Il monito: "L'Italia migliori la giusitizia civile e lavorare su inefficaci politiche attive sul lavoro" Per quanto riguarda la situazione economica del nostro Paese, l'Italia - dice il Fmi nell'Article IV sull'area euro - deve migliorare l'efficienza della giustizia civile, rimuovere gli ostacoli strutturali che fanno salire i costi di produzione e affrontare l'elevata disoccupazione. Per il Fondo, inoltre, l'Italia deve accrescere la concorrenza nei mercati di prodotti e servizi e lavorare sulle "inefficaci" politiche attive sul lavoro.
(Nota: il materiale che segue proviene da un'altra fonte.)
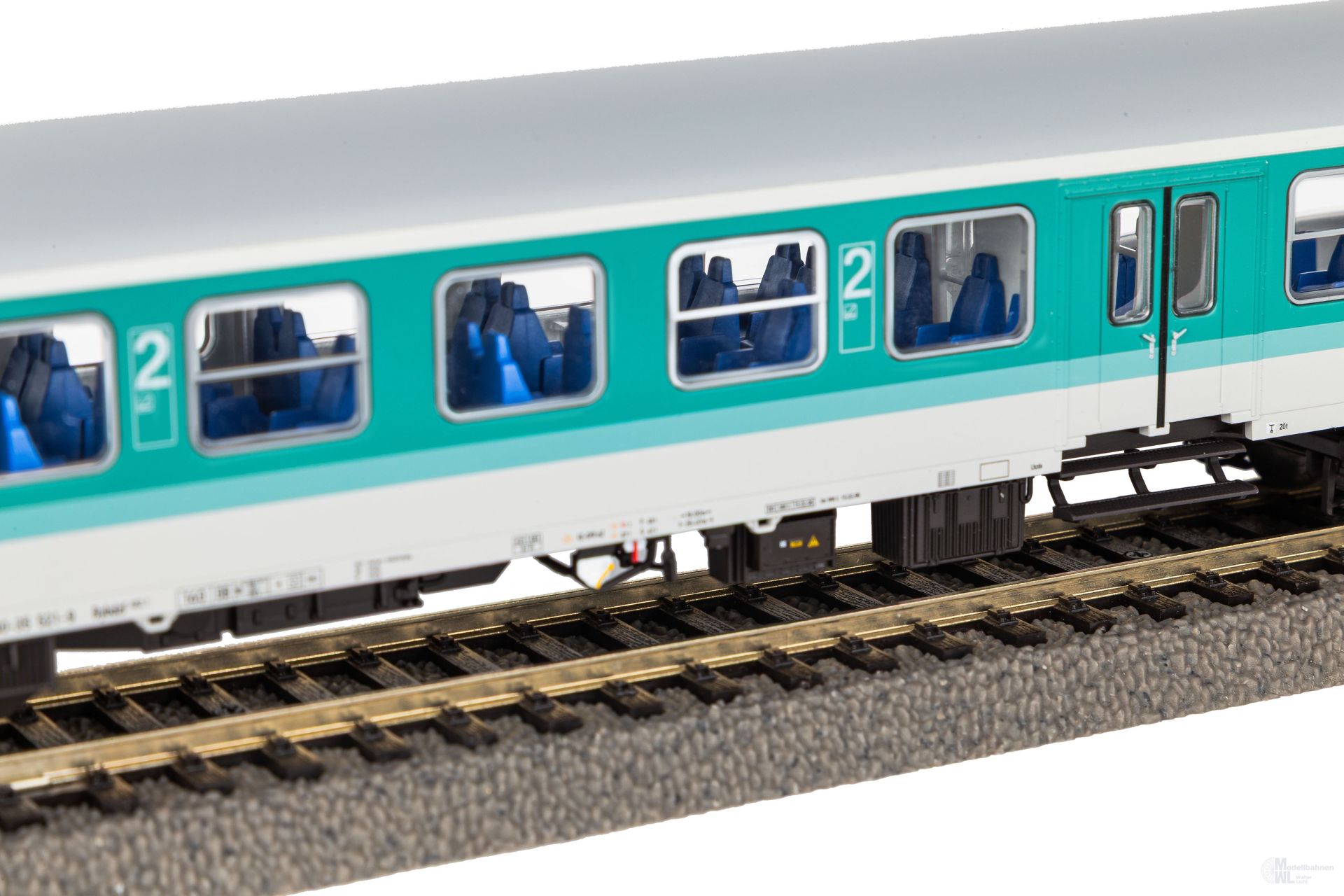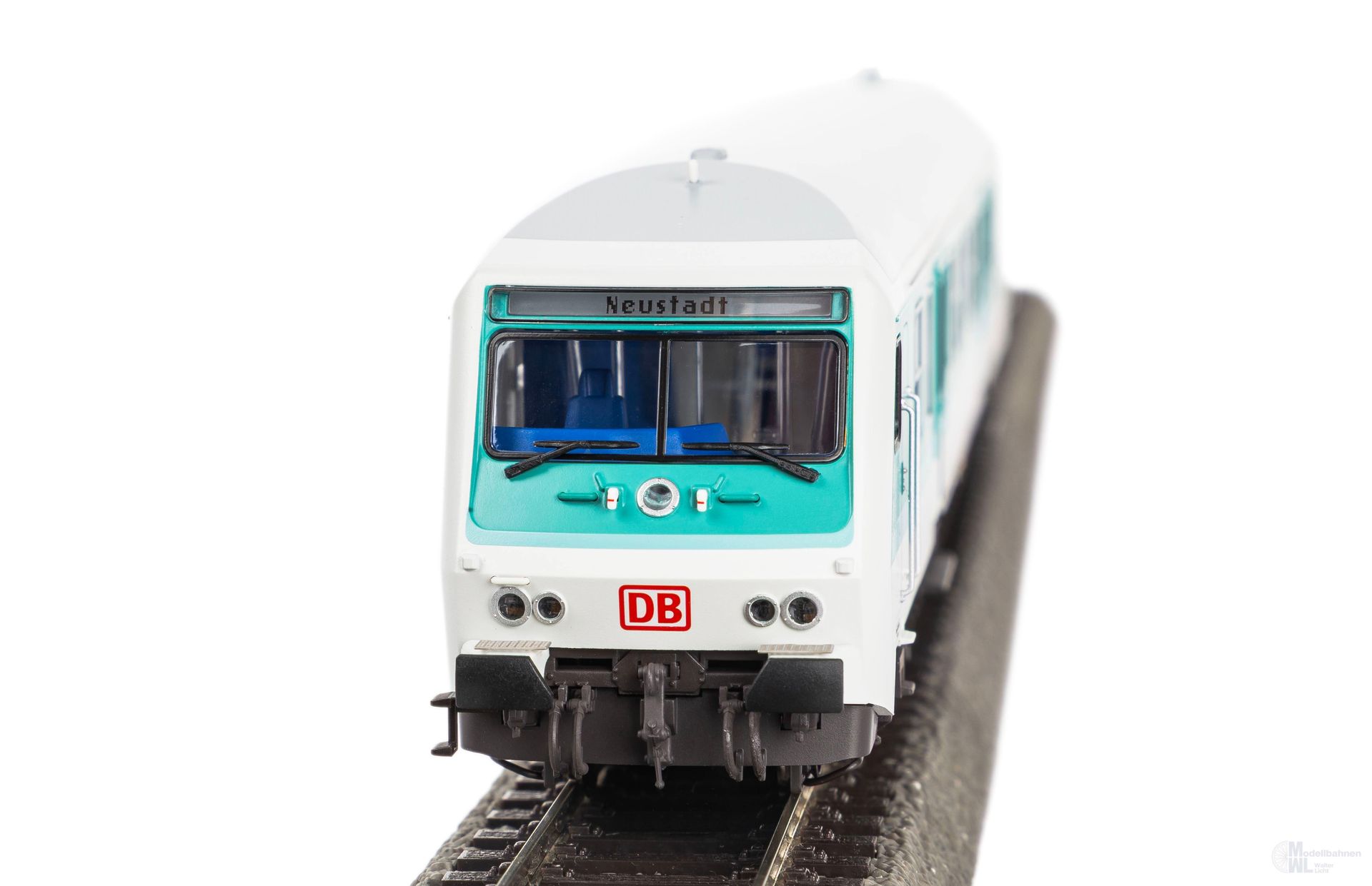 Neuheit 2025: Mit der Neukonstruktion des Halberstädter Mitteleinstiegssteuerwagens und den passenden Personenwagen in mintgrüner Farbgebung der DB AG in Epoche V präsentiert PIKO weitere Klassiker im Expert Personenwagensortiment. Die markante Kopfform des Steuerwagens wurde präzise ins Modell übertragen. Durch die glasklaren, bündig eingesetzten Fenster fällt der Blick auf die detailliert ausgeführte Einrichtung im Führerstand und Fahrgastraum. Feine Türennachbildungen, kleinteilig ausgeführte Drehgestelle und zahlreiche freistehend montierte Teile, wie Trittstufen, Scheibenwischer und Griffstangen, runden den Gesamteindruck ideal ab. Das Modell ist für die Nachrüstung einer Innenbeleuchtung vorbereitet. Zudem verfügt der Steuerwagen über eine beleuchtete Zugzielanzeige sowie eine digital schaltbare Beleuchtung im Führerstand.
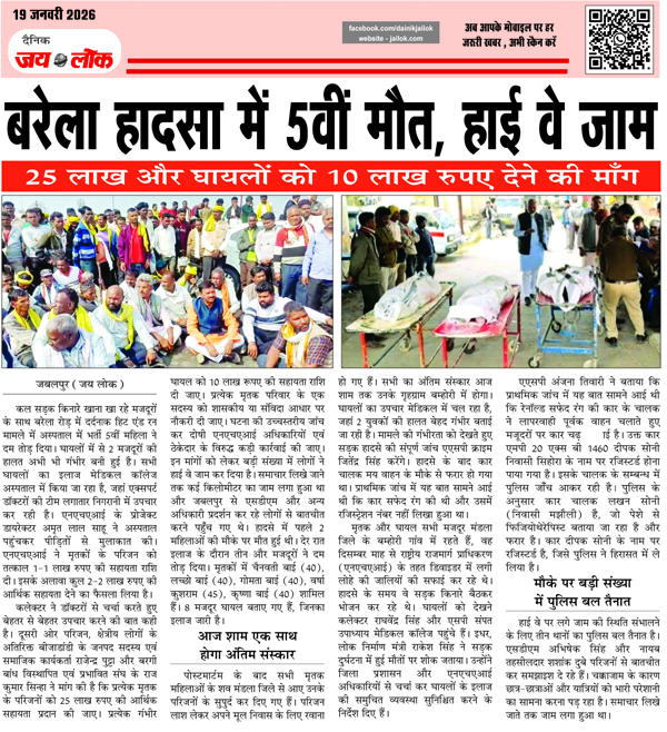 बरेला हादसा में 5वीं मौत, हाई वे जाम, 25 लाख और घायलों को 10 लाख रुपए देने की माँग

Secondo il Fmi sono stati fatti progressi con "il nuovo regime di mediazione obbligatoria" che accelera il sistema, mentre sulla contrattazione salariale l'attuazione del decentramento, concordata nel 2011, "è in fase di stallo".

"Bene la riforma Fornero"
Altri passi avanti si registrano, secondo il Fmi, nelle misure a sostegno dell'occupazione giovanile annunciate nel luglio 2013, come "gli sgravi fiscali per i datori di lavoro che assumono under 30 con contratti a tempo indeterminato" e l'aumento della formazione aumentano la formazione, negli schemi di apprendistato e stage. Il Fondo loda la riforma Fornero, dell'aprile 2012, nella parte in cui "riduce i costi dei singoli licenziamenti". Inoltre il Fmi rileva come positiva "la liberalizzazione del settore del gas" con le decisioni dell'Authority dell'energia.